Otra consecuencia muy seria, además del embellecimiento general del régimen de Franco, es que la sociedad española no sepa casi nada del antifranquismo y tienda a enviar ese capítulo también –con claras dosis de hipocresía– a la guerra civil en la que no participamos. Junto a otra repercusión no menos negativa: la sociedad no sabe –o más bien no quiere saber– lo muchísimo que costaron las libertades y los derechos fundamentales, con una visión de tal conquista como algo exterior, «que vino», suele decirse, caído de las alturas sin los sufrimientos del duro parto que en realidad fue. De donde los sociólogos extraen «la opinión que sostienen los españoles acerca de su responsabilidad personal, de la que dimiten en buena medida al creerse con derecho a la tutela protectora del Estado» (7).

En una sociedad civil organizativamente débil, muy poco participativa, de escasas lecturas, sujeta a medios de comunicación sumisos que potencian la pasividad, donde la opinión pública cree compartir el «cinismo político» de «los partidos y la clase política» al lado de su acuerdo general con el «régimen democrático». Es, agrego, como si se pudiera proponer –y mucha gente lo hace– la idea de la Constitución sin rechazar de plano la dictadura franquista; tal y como lo confirman los numerosos nombres de calles de las poblaciones españolas que intercambian los visibles títulos de Franco y de la Constitución (como si eso fuera democráticamente posible sin un colosal engaño colectivo).

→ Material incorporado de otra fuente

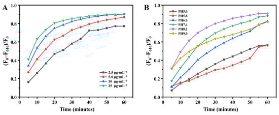 (A) The fluorescence intensity changes of Fe NCs solution incubated with 100 µM glucose and different concentrations of GluOx (2.5, 5.0, 10, 25 µg·mL−1) at different reaction times (pH 7.4, 100 mM PBS). (B) The fluorescence intensity changes of Fe NCs solution incubated with 100 µM glucose and 10 µg·mL−1 of GluOx in different pH environments at different reaction time (100 mM PBS). All the operations were performed at 25 °C.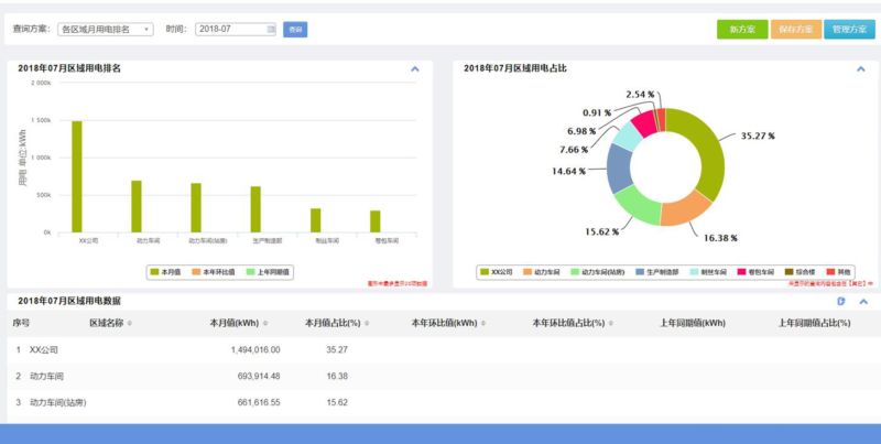 功能介紹:主要展示廠區(qū)內(nèi)所有區(qū)域的能耗量以及能耗排名、能耗占比,使管理人員了解全廠的重點用能區(qū)域。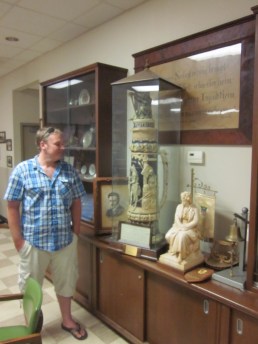 Back into the building, one of the coolest rooms of all. It is the room where the singers practice and have meetings. There are fine individual chairs set up in arching rows. Around the back are old photos, German insignia, awards, crests and flags. Then, I lay eyes upon the hugest beer stein I have ever seen. It is stunning.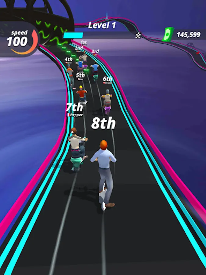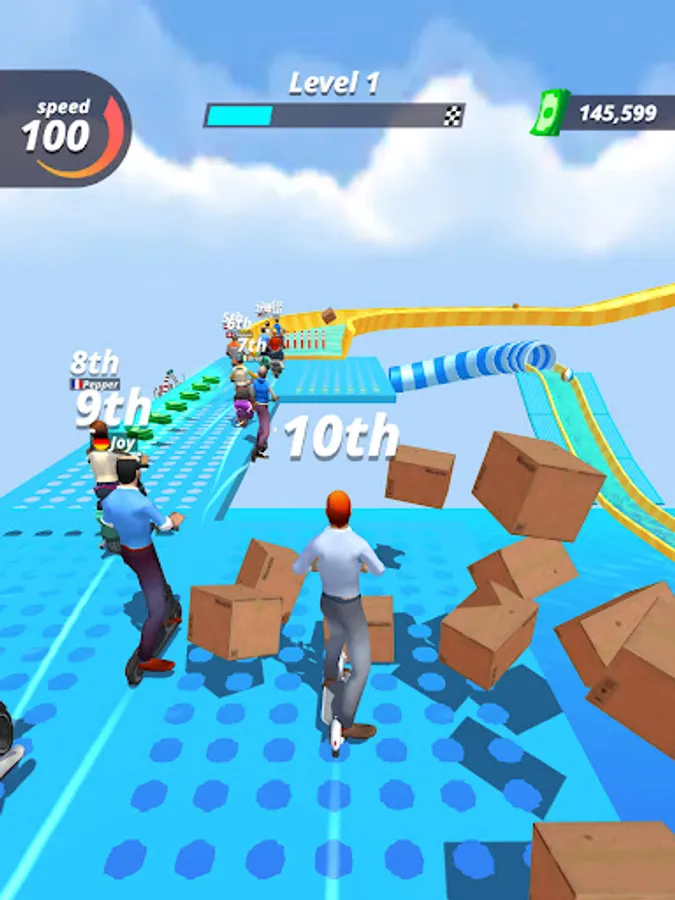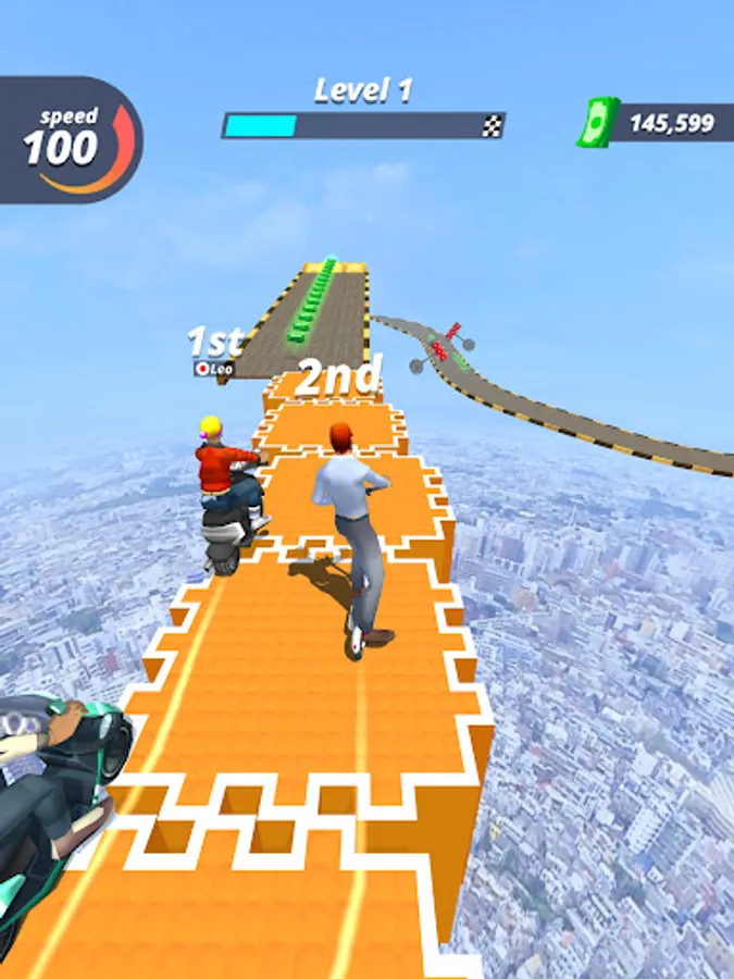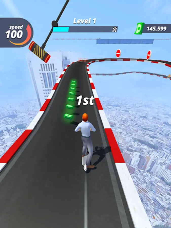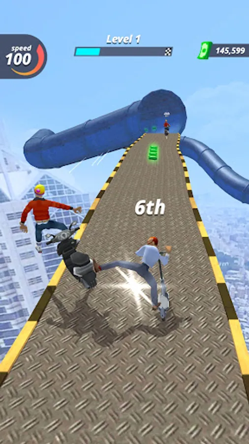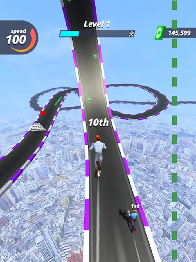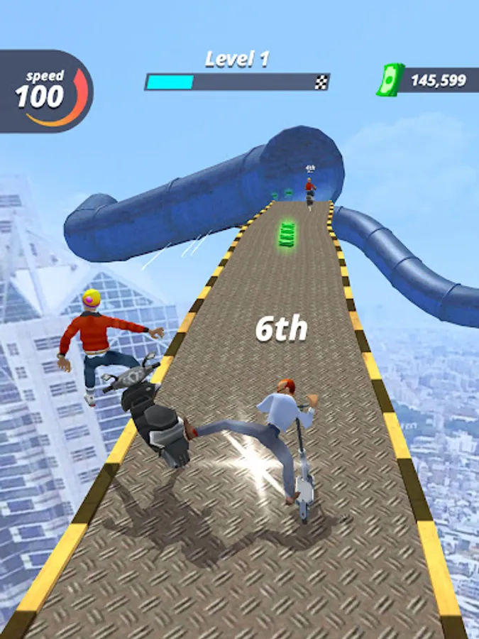 You'll feel like you're truly flying through the city. Scoot Rush offers thrilling racing on a track high up in the air with a variety of dazzling designed maps and themes. From urban landscapes to exotic locales, each track presents a unique challenge with its own set of obstacles and surprises. Every race is a new opportunity to explore and conquer diverse tracks.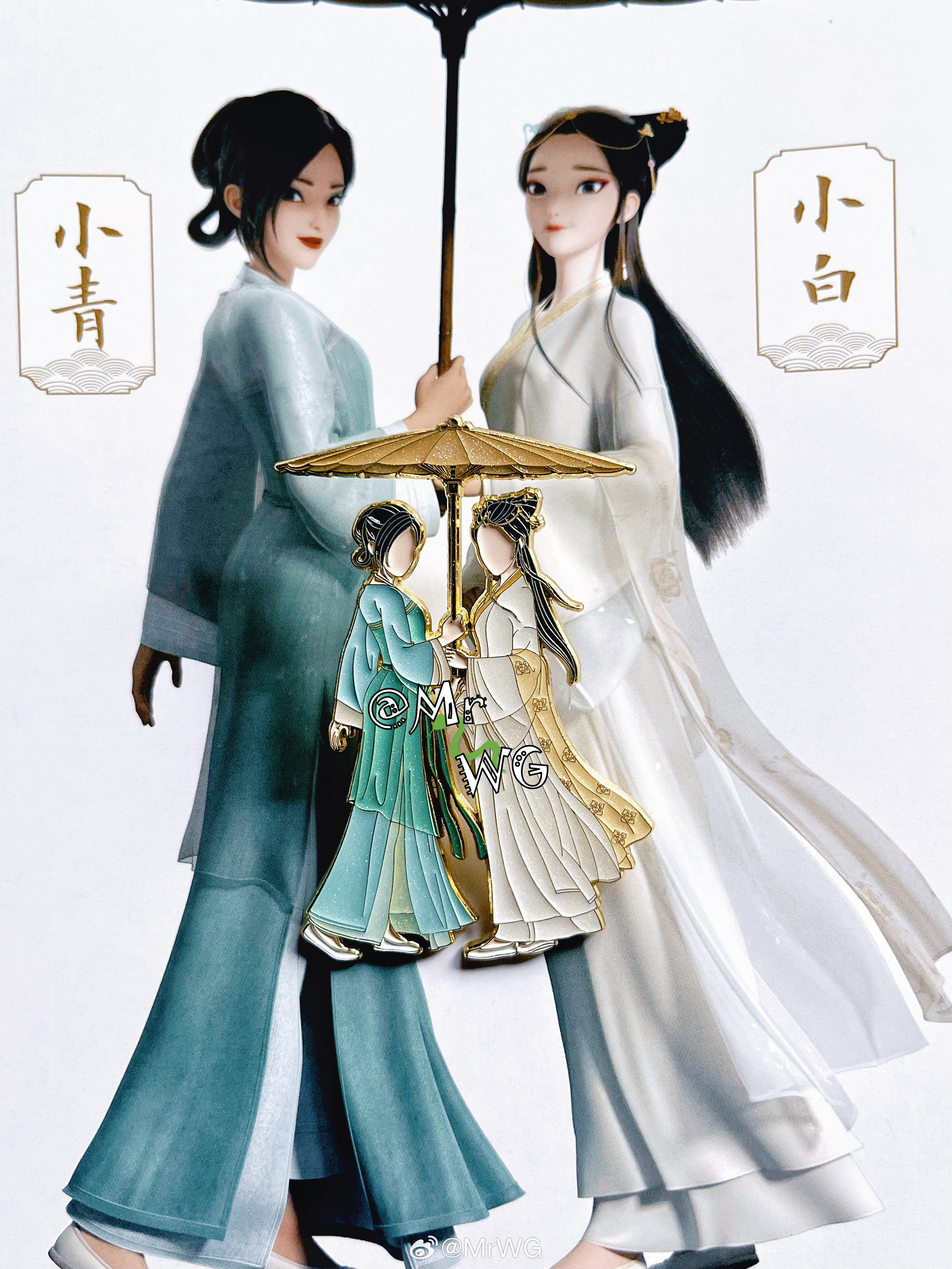 电影周边 收完王祖贤的白蛇吧唧,继续开始入手追光动画的青白金属徽章💚🤍MrWG'sPlog ——【白蛇:缘起】小青飞旋接住小白的名场面,【白蛇:浮生】姐妹雨中断桥共伞,以及致敬赵雅芝、陈美琪的西湖初遇许仙扮相~📸 徽章造型都很还原影片,白蛇水漫金山的披风咯哦好美,很有王祖贤版的味道;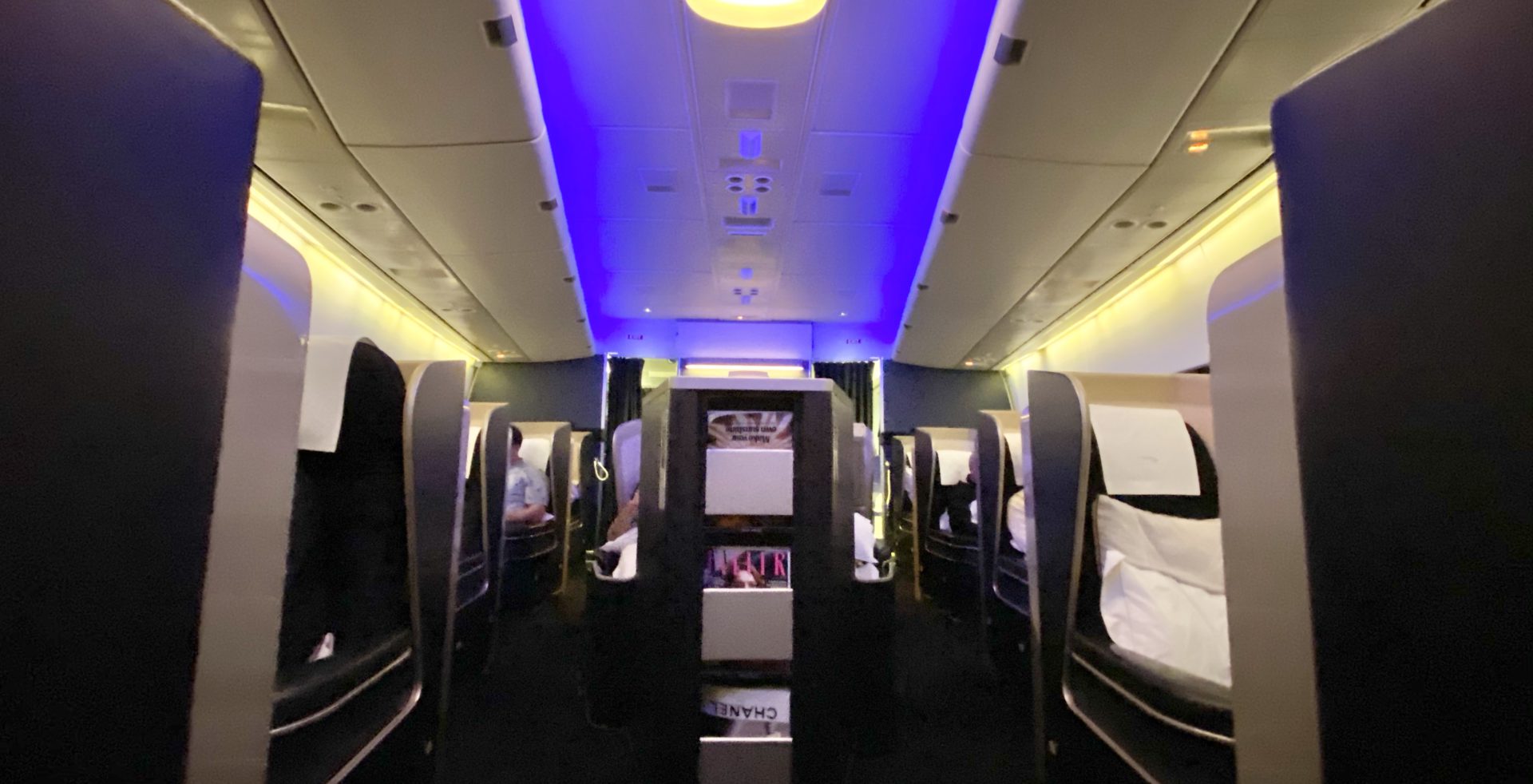In the sleeping position, the seat converted into a completely flat bed. The crew prepared this for us by putting a padded cover/topper on the seat and a luxurious cotton duvet over the top.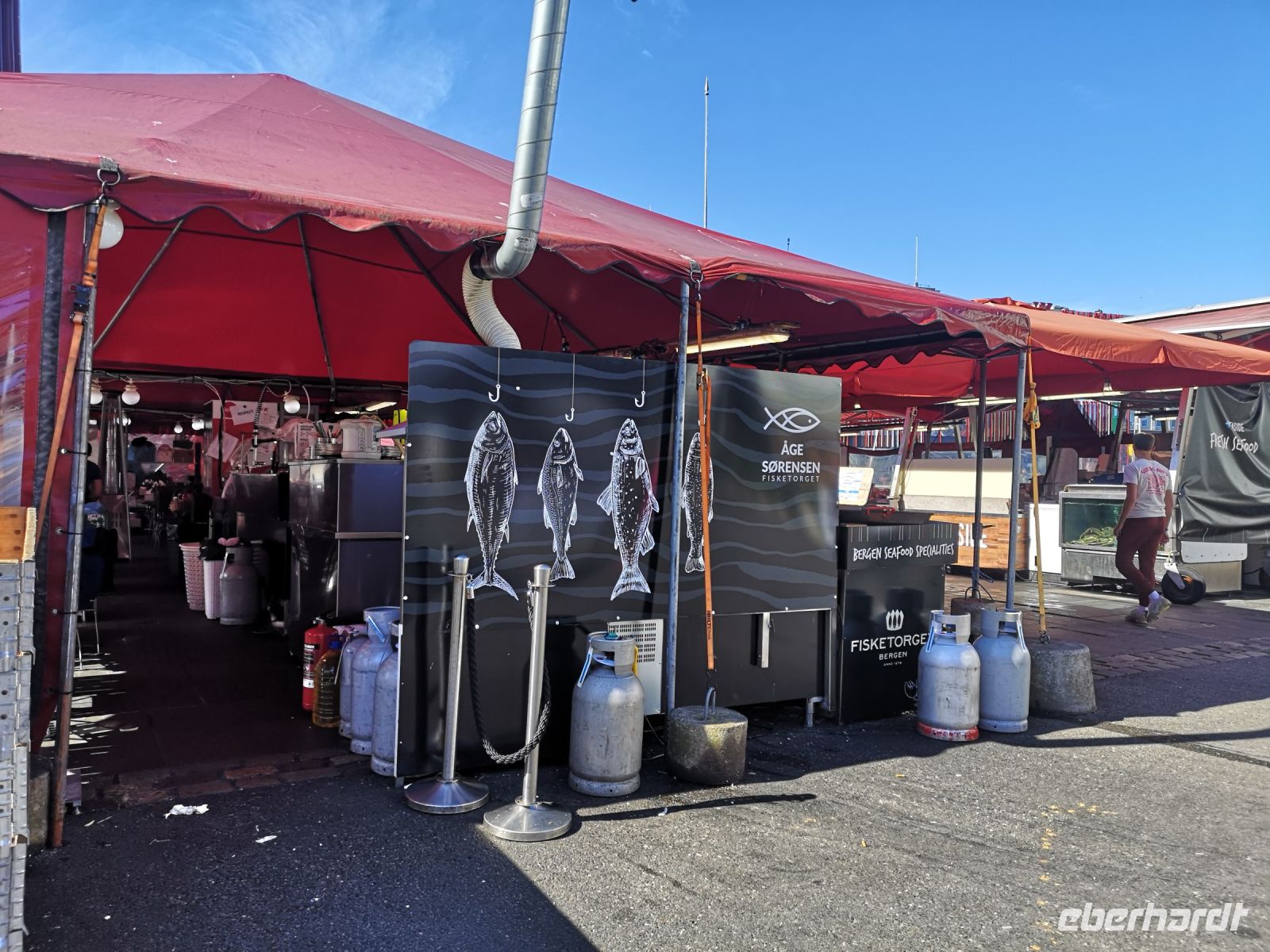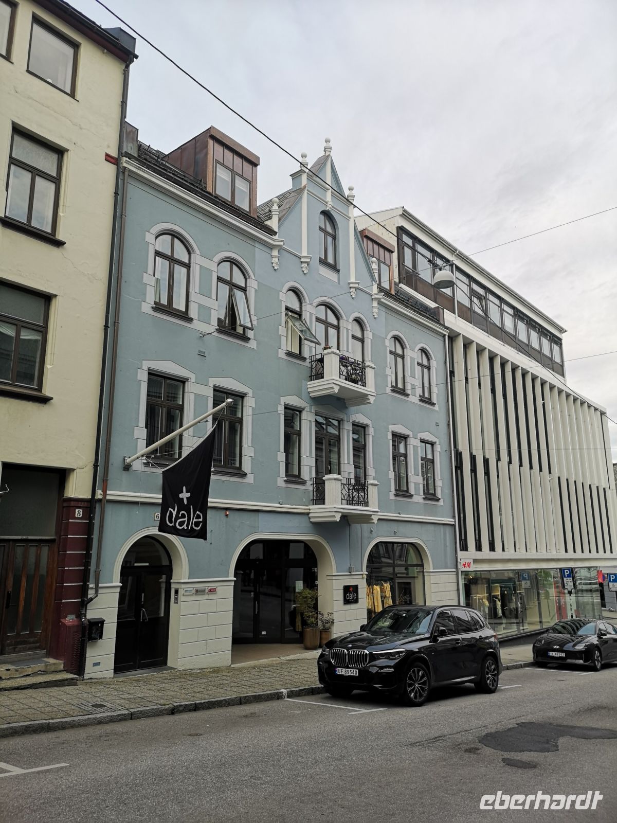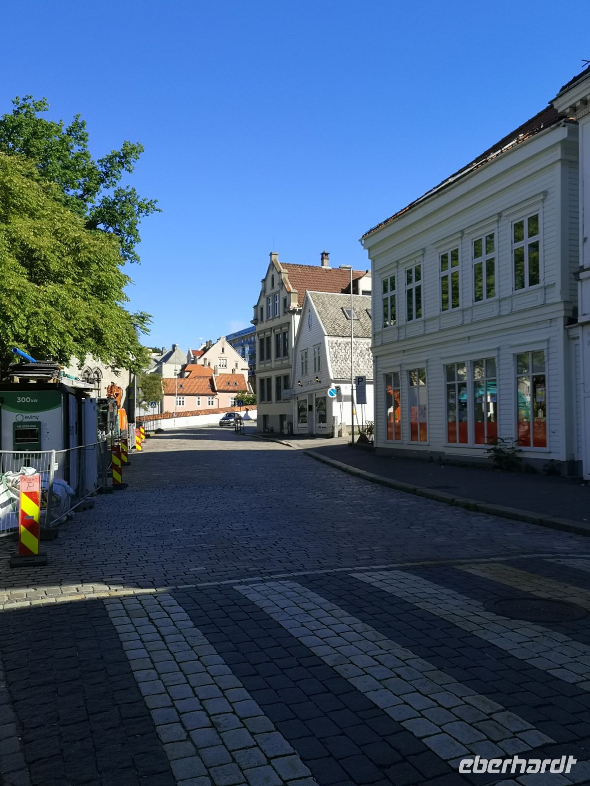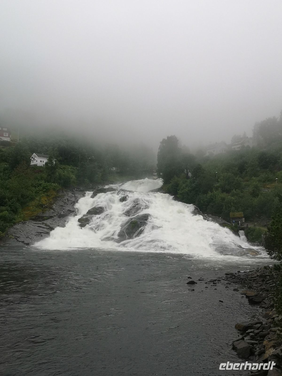 In Flam angekommen verspürten wir zum ersten Mal, was eine touristische Saison bedeutet – im schmalen Hafen lag ein Kollos von einem Kreuzfahrtschiff – natürlich brachte er auch die Mengen von Menschen mit, die sich in der kleinen Ortschaft überall verteilen. Ein Gedränge, wohin man ging. Trotzdem kann man das Flair des Dorfes wahrnehmen, wo eine Fahrt mit der Flambahn nach Myrdal und weiter nach Bergen oder mit einem Schiff über den Naeroyfjord beginnt. Aber unsere ging weiter mit dem trauten Bus und unserem Andreas nach Bergen. Ein obligatorischer Stopp am imposanten Tvindefoss, weiter der E16 entlang durch Dale mit den berühmten Strickwarenhersteller Dale of Norway und nach unzähligen Tunneln bei schönem Wetter nach Bergen angekommen. Das ist wie ein 6er im Lotto. Schönes Wetter in der Stadt, wo Regen samt all seinen Kindern daheim ist. Es wäre fast eine Sünde, die Stadt am Abend nicht zu erkundigen.

No exagero con todo esto absolutamente nada. El 10 de marzo de 1998, el periódico mexicano La Reforma publicó una entrevista hecha a Felipe González. Quien, también uniendo de modo impropio lo pasado en el franquismo con la guerra civil, intentaba explicar por qué no había querido revisar el pasado dictatorial cuando había «una gran oportunidad –el 50 aniversario de la guerra civil– para haber hecho un ajuste cuentas con la historia». Porque del pasado se analiza lo aparente, lo que hay encima de la mesa, no lo que hay debajo.

Lo cual es una consagración del principio de la irresponsabilidad de los poderes públicos y de la minoría de edad de la sociedad a la que sirven. Algo confirmado por el mismo Felipe González al ser preguntado por los motivos de ese proceder: «Lo acepté como una de las reglas del juego del poder». Una regla del juego consistente en que en España todavía no se puede saber lo que hizo el poder hace veinte, treinta, cuarenta años y hasta más.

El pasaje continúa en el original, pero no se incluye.